A juvenile coho salmon from a small, previously undocumented stream on Douglas Island, Alaska.
By Mark Hieronymus
For the diehard fish nerd, spring is a wonderful time in Alaska. The days get longer and (slightly) warmer, the fresh waters around the state shed their winter cloaks and start to flow again, the fish start to bite, and the latest iteration of the AWC comes out.
Wait. What? The AWC? Is that the new boy band everyone is TikTokking about?
Not quite… the Anadromous Waters Catalog, or AWC for short, is the Alaska Department of Fish and Game’s current list of streams, rivers or lakes in Alaska with anadromous fish habitat. Anadromous fish are born in fresh water, migrate to the ocean to mature, and return to fresh water as adults to spawn. Streams catalogued as having anadromous fish habitat receive statutory protections that anyone looking to use or develop the streambed and adjacent areas must adhere to, so fish resources aren’t harmed in the construction process.
While the AWC currently lists about 32,000 kilometers of habitat being used by anadromous species, ADF&G estimates that less than 50 percent of the anadromous freshwater habitat in Alaska is actually listed in the AWC. In addition to gaps in habitat, many of the in-stream species currently listed are incomplete or the stream lines are incorrect.

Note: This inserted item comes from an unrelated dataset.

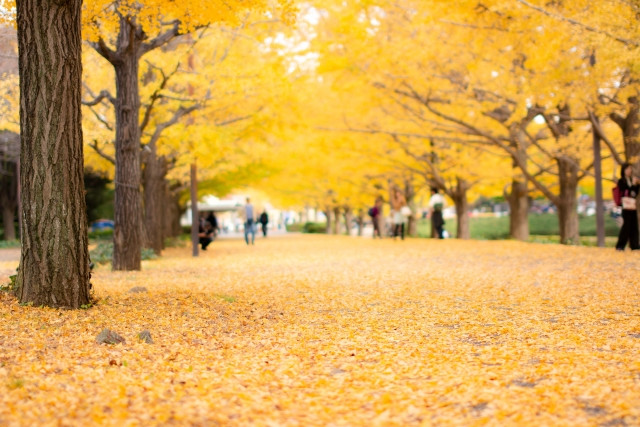 Though the stark redness of momiji (maple leaves) are the iconic image of autumn leaves, we shouldn’t forget its yellow just as strikingly beautiful counterpart ichou (ginkgo leaves). These two are the basis of autumn-leaf viewing, the ultimate autumn activity in Japan.

Until this fish habitat is accurately inventoried and all the species within them fully accounted for, the salmon, steelhead and other anadromous species which rely on the habitat are not afforded protection under Alaska law.

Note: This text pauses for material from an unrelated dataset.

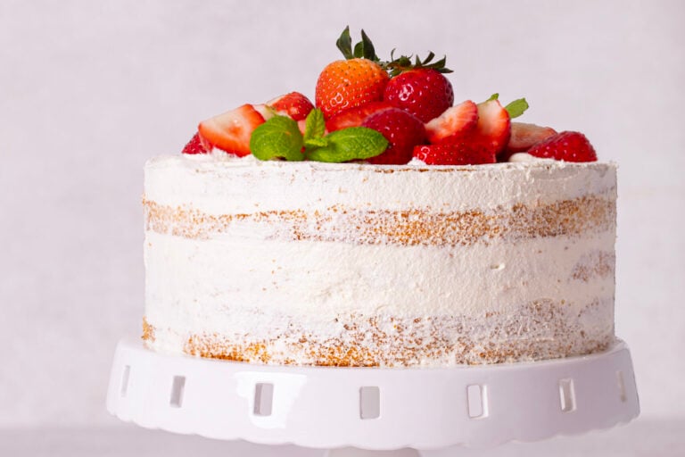 The strawberry layered cake on a stand.

Adding species or waters to the AWC requires site-specific, direct and unambiguous observations of anadromous fish sent to ADF&G as a nomination, followed by a biological and public review process. The nomination review process takes place early in the calendar year and the updated AWC is published annually on June 1. While ADF&G is tasked with surveying for and updating the AWC, there are still a vast number of water bodies in need of surveying and habitat use observations.
In this gap, Trout Unlimited Alaska works to add observational data to the AWC and secure conservation measures for currently unprotected anadromous habitat. TU Alaska started conducting stream surveys and making habitat observations as part of the Fish Habitat Mapping Project in 2018. The project adds to the general body of knowledge regarding anadromous habitat distribution by surveying and making observations in water bodies in Alaska and sharing our findings with ADF&G.

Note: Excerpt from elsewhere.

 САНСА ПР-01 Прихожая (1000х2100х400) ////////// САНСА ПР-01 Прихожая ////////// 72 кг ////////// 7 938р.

The 2020 field season, while severely curtailed due to COVID-19, yielded several additions for species and waters in the Juneau area that are now listed in the newest AWC. Community Science Coordinator Mark Hieronymus worked solo for most of the season in and around his home waters, doing everything from mapping small, previously unlisted tributaries and documenting the juvenile salmon rearing in those habitats, to sneaking up on pink salmon in larger streams with an underwater camera in order to document them. Mark’s 2020 survey efforts paid off in the form of four new streams with over 2,500 meters of demonstrated anadromous habitat use added to the AWC, as well as the addition of species to four previously AWC listed waters.
Since its start in 2018, the Fish Habitat Mapping Project surveys have resulted in the addition of seven previously undocumented steelhead waters to the AWC, with two more nominations from the 2021 season pending. In addition to surveying for adult steelhead habitat use, we have made observations of and added pink salmon in four streams, coho salmon in three streams, cutthroat trout in three streams and one lake, and Dolly Varden in two streams previously listed in the AWC.
Our juvenile salmonid habitat surveys have resulted in the addition of 15 new streams to the AWC, all of which are used by coho salmon in addition to Dolly Varden and cutthroat trout. When taken in total, these previously undocumented stream additions total over 10.5 kilometers of new anadromous habitat. With our community science effort, TU Alaska plans to continue this important work of documenting habitats and species and invites the public to join in the effort to fill in data gaps and provide basic conservation measures for the fish habitat we all value.